At the same time, a broad consensus exists among the Iranian leadership about the foreign-policy issues that most concern the West. All major political figures believe Iran has a central role in world affairs, a belief that has deep roots in Iranian culture. All agree on a tough political stance toward the West and on opposition to the Arab-Israeli peace process. The moderate camp is not prepared to pay a political price to achieve better economic relations. Moderates have done little to curb terrorism, which continued undiminished after Rafsanjani became president in 1989. Indeed, it was precisely under his leadership that Tehran stepped up its opposition to Israel’s existence, adding to the budget approved by the Majlis (parliament) a $30 million allocation for the Palestinian revolution. It also launched a campaign to murder Iranian opposition leaders abroad, striking in Vienna, Geneva, Paris, Rome, and Berlin during 1989-92. The State Department’s report on international terrorism notes that under Rafsanjani’s leadership, Iran was the “most active and most dangerous” sponsor of terrorism in the world.8

In short, Iranian moderates want better relations with the West -- but only better economic relations; the radicals want confrontation with the West -- but mostly cultural confrontation. Both moderates and radicals agree on many policies the West finds unacceptable.

Influence the balance of power? The foundation of German and Japanese policy toward Iran is the belief that aid and loans, as well as high-level exchanges, reinforce Iran’s moderates. Is this assumption correct? In other words, can the West make a difference in the domestic balance of power?

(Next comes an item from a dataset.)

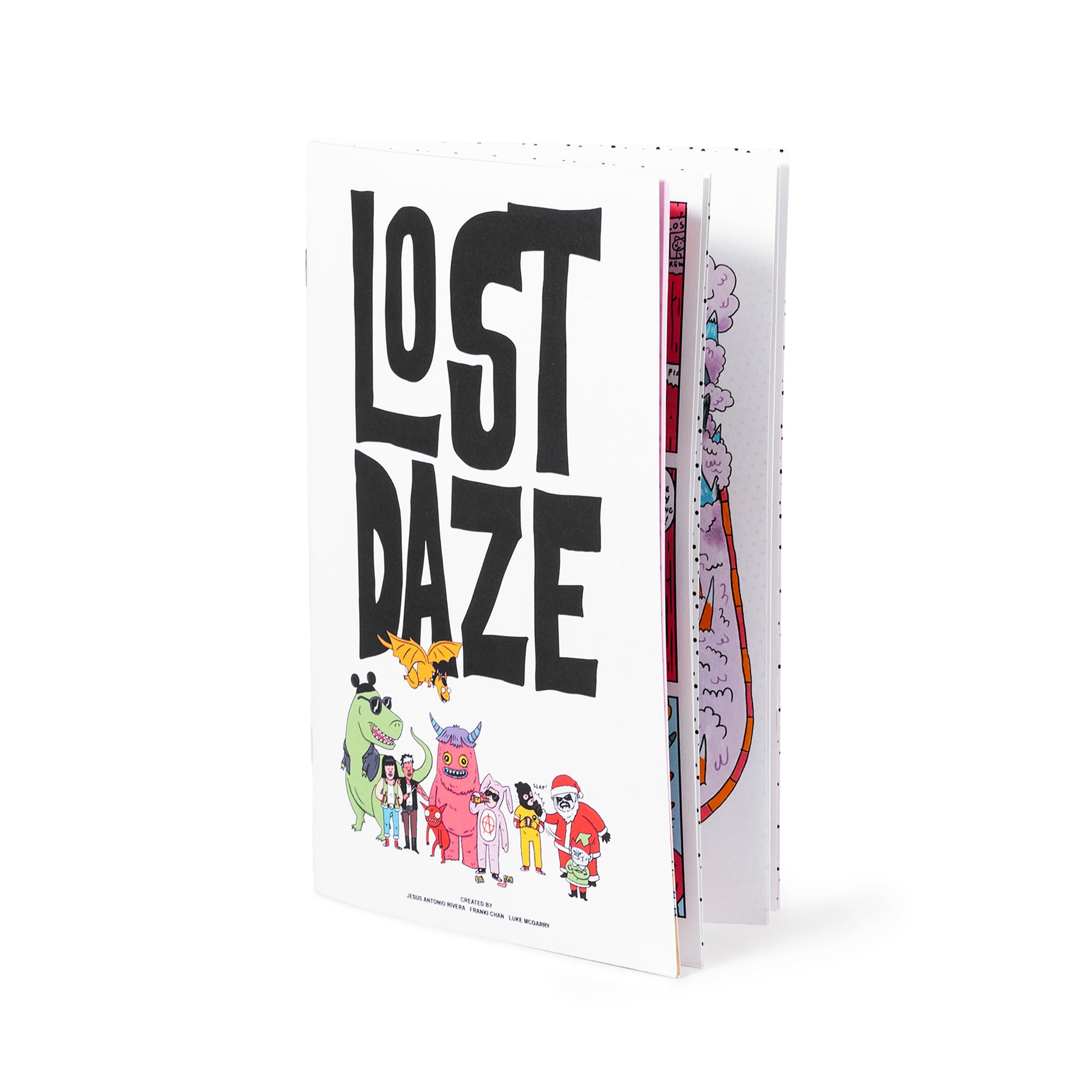 The Lost Daze comic book invites you inside the minds of IHC founder Franki Chan, Creative Director Jesus Rivera, and Illustrator Luke McGarry! For the inaugural issue, the trio brings to life a sea of characters many of which, were originally created as mascots for parties thrown by IHEARTCOMIX back in the day.

Attempts by foreign powers to boost moderates in Iran face two fundamental difficulties. First, Iranian politicians do not care that much about the outside world. As in most countries, politics is foremost local. In addition, the Iranian political classes have good reason to concentrate on domestic issues, for the country faces major problems. The economic situation is bad. The regime’s claim to religious leadership is widely rejected; the regime is not seen by the people or by the senior clergy as being the embodiment of religious values, which challenges its entire self-conception. Major urban riots have become a regular feature since spring 1992, repeated on average every six months. In response, the regime has held periodic exercises with up to 280,000 soldiers in 170 cities practicing the seizing of public buildings and radio stations from rioters, including exercises that close a section of downtown Tehran while troops “recapture” the Majlis.9 In this atmosphere, a little more aid from abroad, a few friendly words from a foreign official, or a visit by a high-ranking foreigner is not going to change the balance of power.

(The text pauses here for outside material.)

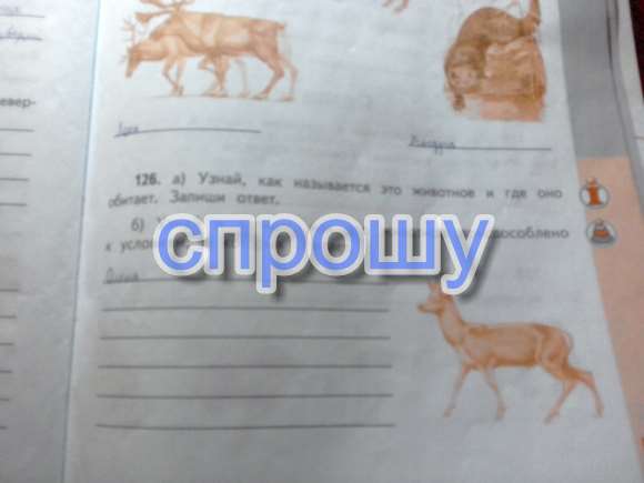 Узнай , как называется это животное (это олень?) и где оно обитает.

Secondly, Iranian politicians do not appear convinced that they need to change their policies to secure what they want from the major powers. Iranians believe Europe and Japan will continue trade and investment irrespective of Iranian actions because of Iran’s importance as an oil supplier and as a market. This Iranian confidence has some basis in fact. Tehran has paid little price for its campaign of assassination of Iranians living in Europe, owing to a respect for the country’s commercial clout and a willingness to attribute Iranian terrorism to freelancers rather than to the government.

TALKING TO IRAN

Given these three major disagreements, it comes as something of a surprise to find that the U.S. government and its critics substantially agree on the need to keep talking to Tehran. There are some differences in style (what to talk about and how), but those are quite secondary to the agreement among them that talks are a good idea.

The U.S. government is ready to engage in an official dialogue with the Islamic Republic of Iran. Washington declares itself prepared for discussions -- even secret discussions -- anywhere and anytime with representatives of the Iranian government. If President Rafsanjani were to call President Clinton, the State Department has declared, Clinton would pick up the phone.10 American offers to hold discussions have repeatedly been made in print, at public meetings, and in private.

Tehran adamantly refuses to reciprocate. Out of hand, it dismisses diplomatic relations with the United States. As an editorial headline in the most moderate Persian-language paper puts it, “Negotiations and Talks with the U.S., Never!”11 The avoidance of Americans is not something imposed by the government; the Ministry of Islamic Guidance in May 1994 invited a delegation of U.S. newspaper editors to Iran; on arrival, they found that every Iranian newspaper editor refused to talk to them.12 Some radicals are even upset that Iranian athletes appeared in the United States at the world wrestling championships in 1995 and might do so again at the Olympics in 1996. The radicals’ opposition to contact with Americans also extends to economic dealings; Ayatollah Khamene’i has deemed drinking Coca-Cola or Pepsi a religiously dubious act,13 and the Majlis has considered a bill to ban all U.S. trademarked products.14

Washington and other major powers also differ on how to conduct talks with the Iranian government. The former does not want regular high-level visits conducted in a way that suggests a close political relationship. This precludes the kind of frequent high-profile exchanges that have blossomed in German-Iranian relations, including telephone contacts and correspondence between the heads of government, biannual meetings of foreign ministers, many other ministerial meetings, a joint economic commission, joint cultural meetings, a parliamentary friendship group, and even intelligence cooperation -- all done without raising differences on human rights, terrorism, and the Arab-Israeli peace process.15

READING THE HISTORICAL RECORD

What explains these many and deep disagreements between the U.S. government and its critics? At base, they follow from contrary readings of the historical record: the seriousness of Iranian terrorism, the achievements of a soft policy toward Tehran, and the results of a tough policy.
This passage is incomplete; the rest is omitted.